Posted On - May 28, 2015


 

Even if Harold Horowitz had never returned to UCLA, he still would have been one of its most illustrious alumni. As associate general counsel at the department of Health, Education and Welfare from 1961 to 1964, he drafted vital portions of the bill that became the Civil Rights Act of 1964 and later served on President Johnson’s task force for the War on Poverty. In 1965 he served on the McCone Commission, which investigated the Watts riots. A board member at the Western enter on Poverty and Law since 1967, he was the motivating force behind a lawsuit that led to the reform of the system that finances California public schools. In addition, he is an accomplished scholar in constitutional law and held an appointment a professor of law at UCLA from 1964 to 1990.
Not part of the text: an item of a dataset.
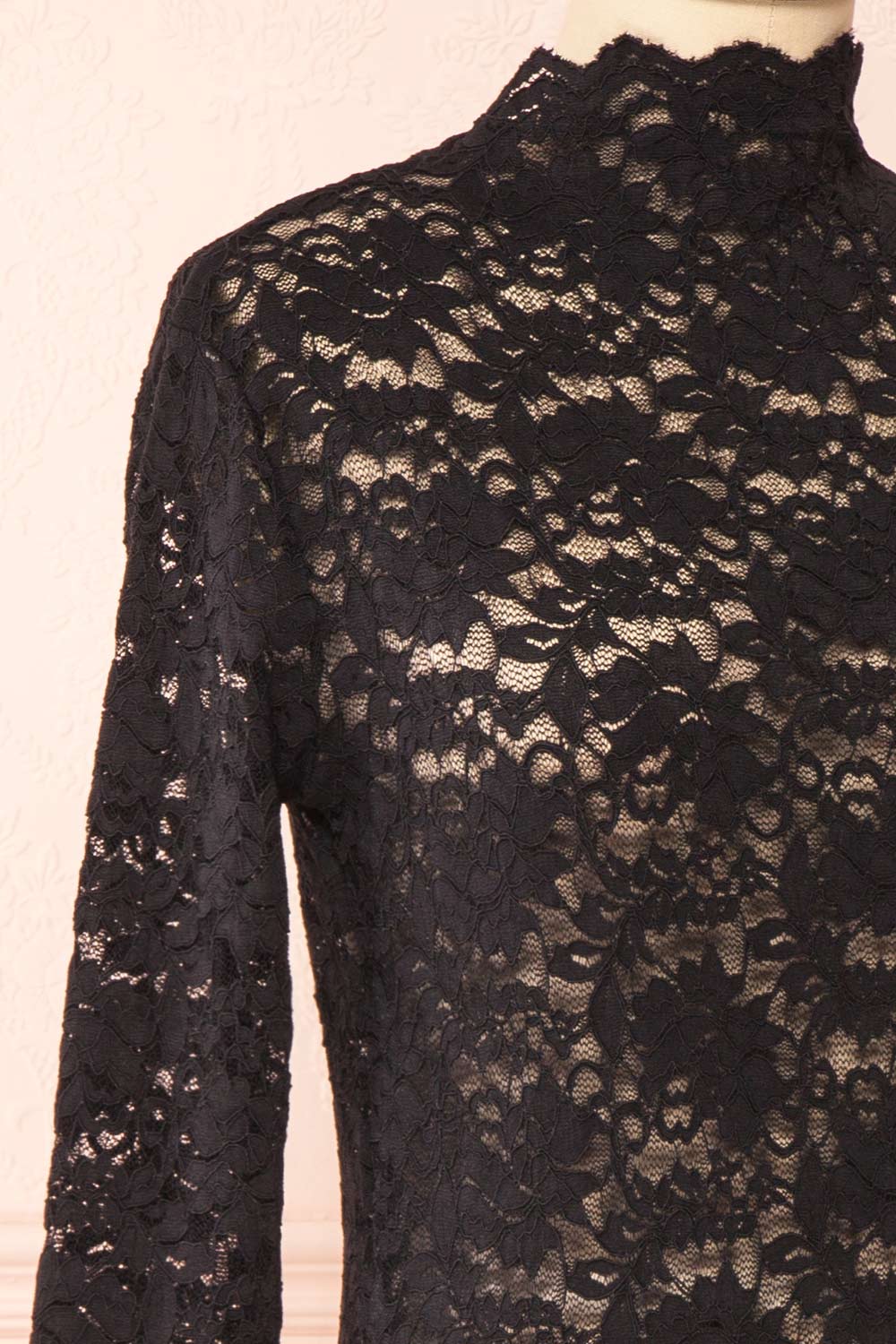 Ce haut en dentelle complimentera à merveille votre garde-robe ! La dentelle transparente révèlera votre peau délicatement tandis que son col montant apportera un charme moderne et élégant à toutes vos tenues. Portez-la avec une jupe midi étagée ou sous une jolie robe à bretelles pour un look de style romantique.

To those who have known and worked with him during the 28 years he has been on campus, however, Hal’s most lasting contributions will undoubtedly be the systems he devised and administered concerning faculty advancement and conduct. When Hal became Vice Chancellor, Faculty Relations, in 1974, he inherited a limited set of bureaucratic regulations that overlooked issues of due process and participation of faculty members under review. During his 16 years as vice chancellor, Hal modified, influenced and helped shape UCLA’s entire system of personnel decision making. His approach, based on the premise that the highest standards of fairness and integrity would advance rather than hinder the search for top faculty, created an atmosphere of trust and cooperation and enabled the University to attract a faculty judged by many measures of excellence to be among the preeminent in the nation.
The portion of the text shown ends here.